Tuesday, April 9, 2013

RELIEF AS TANZANIA INFLATION FINALLY DROP TO SINGLE DIGITS


Monday, 08 April 2013 22:16  
 Dar es Salaam. The rate at which prices of goods and services increases slowed down to a 21-month low record of 9.8 per cent in March this year, the National Bureau of Statistics (NBS) announced yesterday.
 Inflation reached double-digit levels in June 2011 when it was recorded at 10.9 per cent from the May 2011 level of 9.7 per cent due to increasing prices of food, fuel and other non-food products.
 But Tanzanians may have found solace in yesterday’s announcement by the NBS director of population census and social statistics, Mr Ephraim Kwesigabo, that inflation was once again in single-digit levels, having dropped further from the February 2013 level of 10.4 per cent due to reduced food prices.
 “The decrease is mainly on account of the government’s effort to ensure that food prices are dropping,” he told journalists in Dar es Salaam.

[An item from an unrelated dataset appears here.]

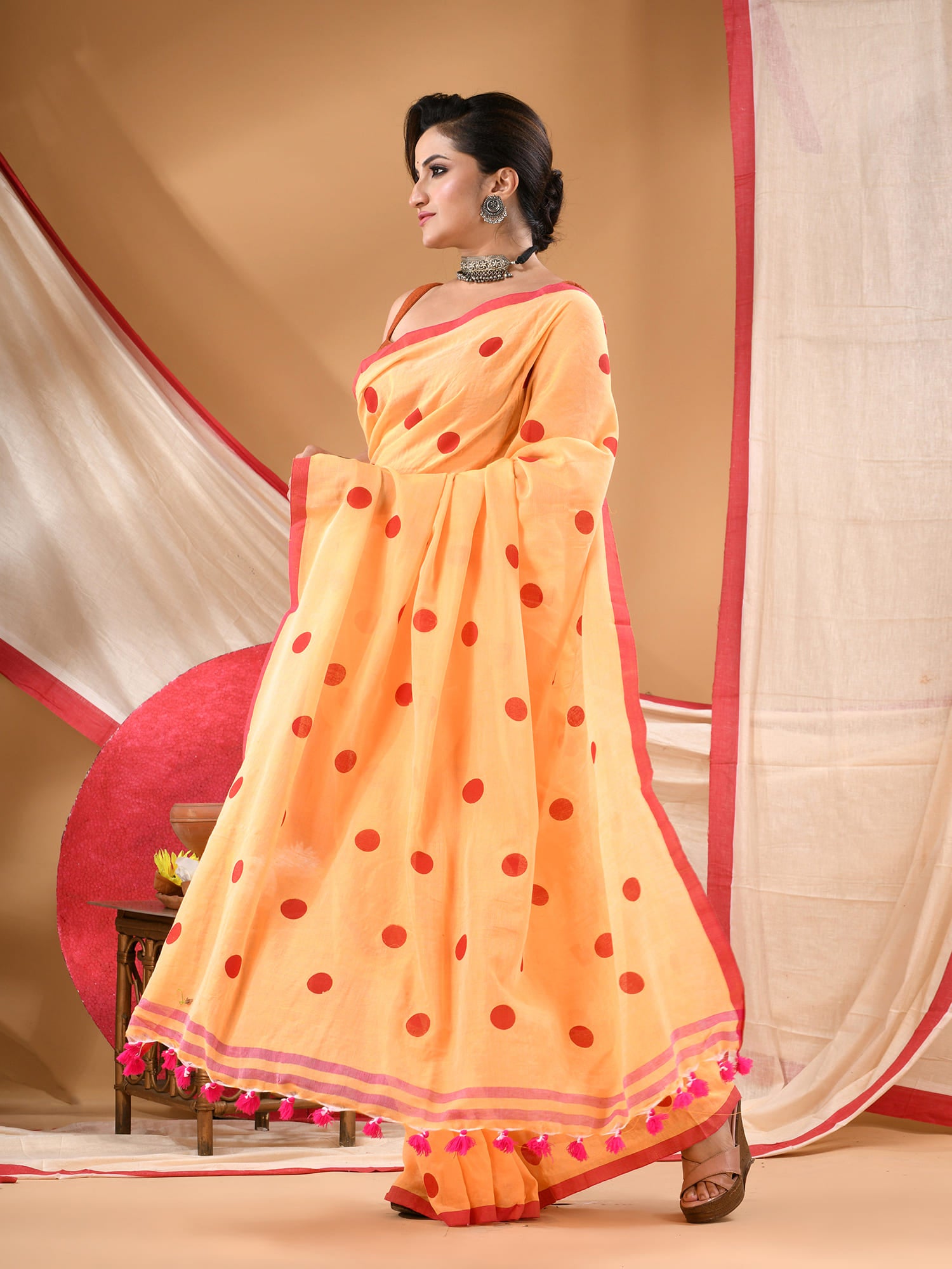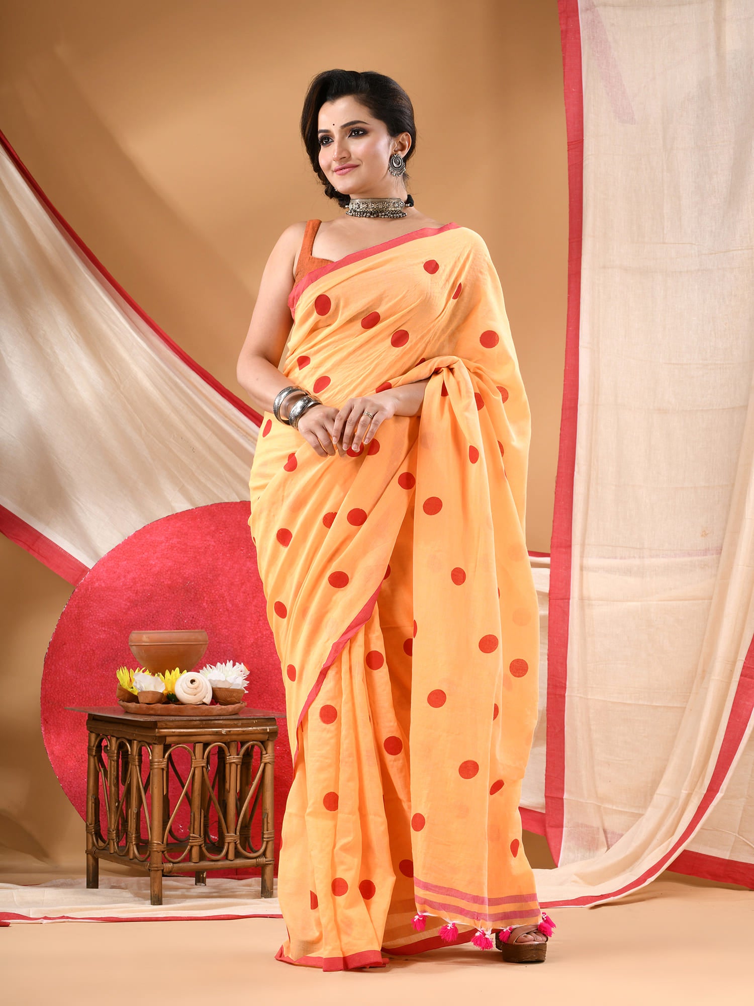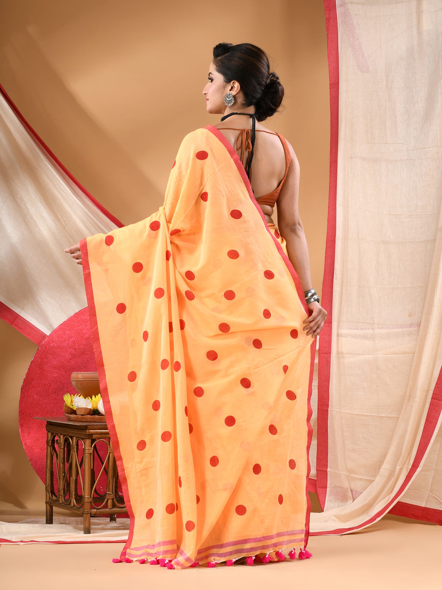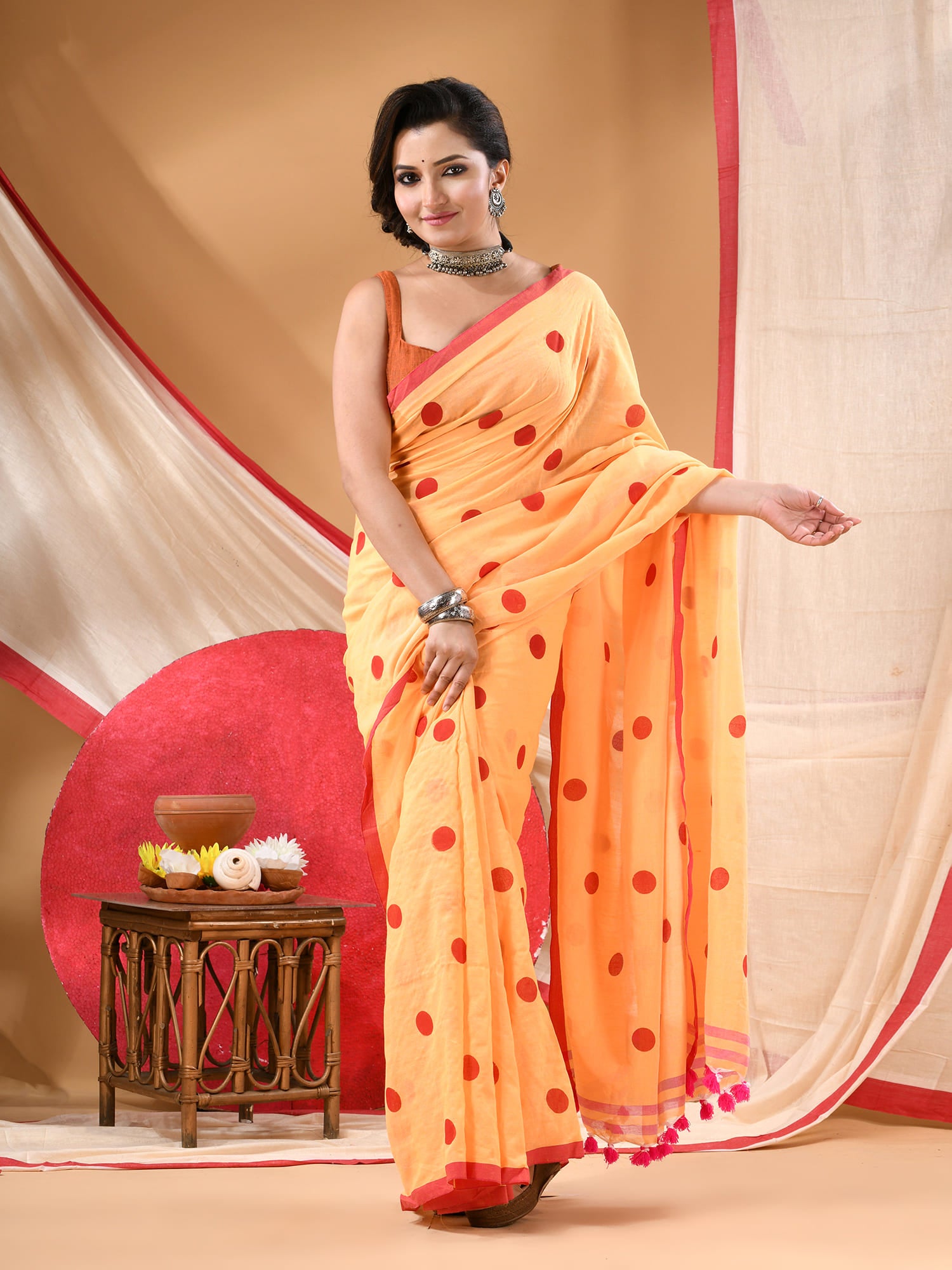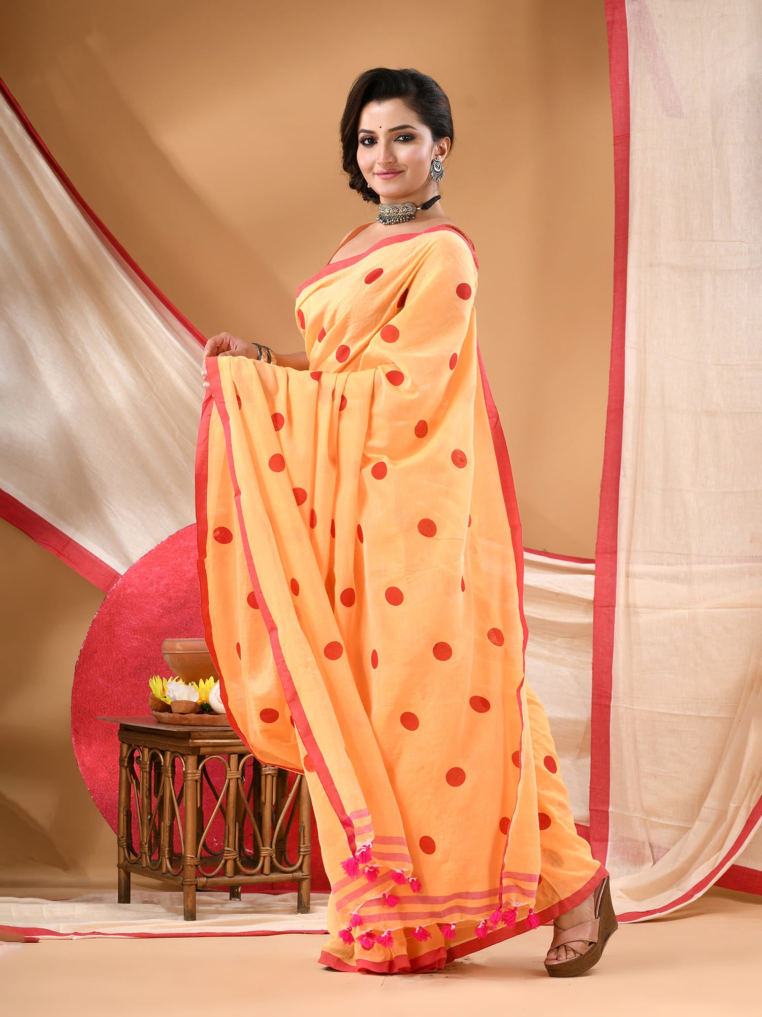 Women cotton handloom mulmul cotton sarees mul cotton sarees for women latest, Nazakat design batik print bandhani malmal linen office daily, party, wear sarees for women (Yellow Red)

 Analysts say a lower inflation rate pushes up the purchasing power of the local currency.
 It also helps to bring down the lending interest rates by captains and titans in the financial sector since, hoping that all other factors remain constant, the higher the inflation, the higher the interest a financial institution will charge.
 Higher inflation rates also imply huge losses to people with fixed incomes that are not inflation-adjusted as well as lenders with no inflation-adjusted interest rates – a majority of whom are those in the informal money lending markets, according to Dr Honest Ngowi, an economic analyst.
 And according to Mr Kwesigabo, the slowdown in inflation rate will enhance average return on investments in equities and improve investors’ appetite for equities.
 The drop in inflation rate augurs well for the government efforts to contain it back to single-digit levels as outlined in the 2012/2013 budget.
 The minister for Finance, Dr William Mgimwa, told The Citizen in Dar es Salaam recently that the government took the right measures and will continue to do so until inflation was contained to manageable levels before the next financial year.
 “We have done a lot to attain the 10.4 per cent in inflation rate, especially in both fiscal and monetary policies."
 "We expect that our single-digit target will be achieved before June,” Dr Mgimwa said on the sidelines of a meeting with MPs to discuss the 2013/14 budget guidelines in Dar es Salam recently.
 To control inflation, the government took several policy measures.
 In November 2011, when inflation reached 19.2 per cent, the BoT raised minimum reserve requirements on government deposits held by commercial banks from 20 per cent to 30 per cent and increased the bank rate to 12.0 per cent
 The bank rate is the basis on which the Bank of Tanzania charges interest on loans it extends to commercial financial houses and overdrafts to government.
 The BoT also announced reduction of core capital of foreign exchange dealers from 20 per cent to 10 per cent to facilitate the release of more forex into the market to strengthen the struggling shilling.
 A combination of factors including the depreciating local currency, which was changing at the lowest point of Sh1,850 per dollar, had sparked an increase in commodity prices, mainly foodstuffs, making basic necessities less affordable.
 All measures aimed at strengthening the local currency and reducing the cash supply in the market to contain inflation.
 And Mr Kwesigabo said yesterday that food and non-alcoholic beverages inflation rate has slightly decreased to 11.1 per cent in March from 12 per cent posted in February 2013.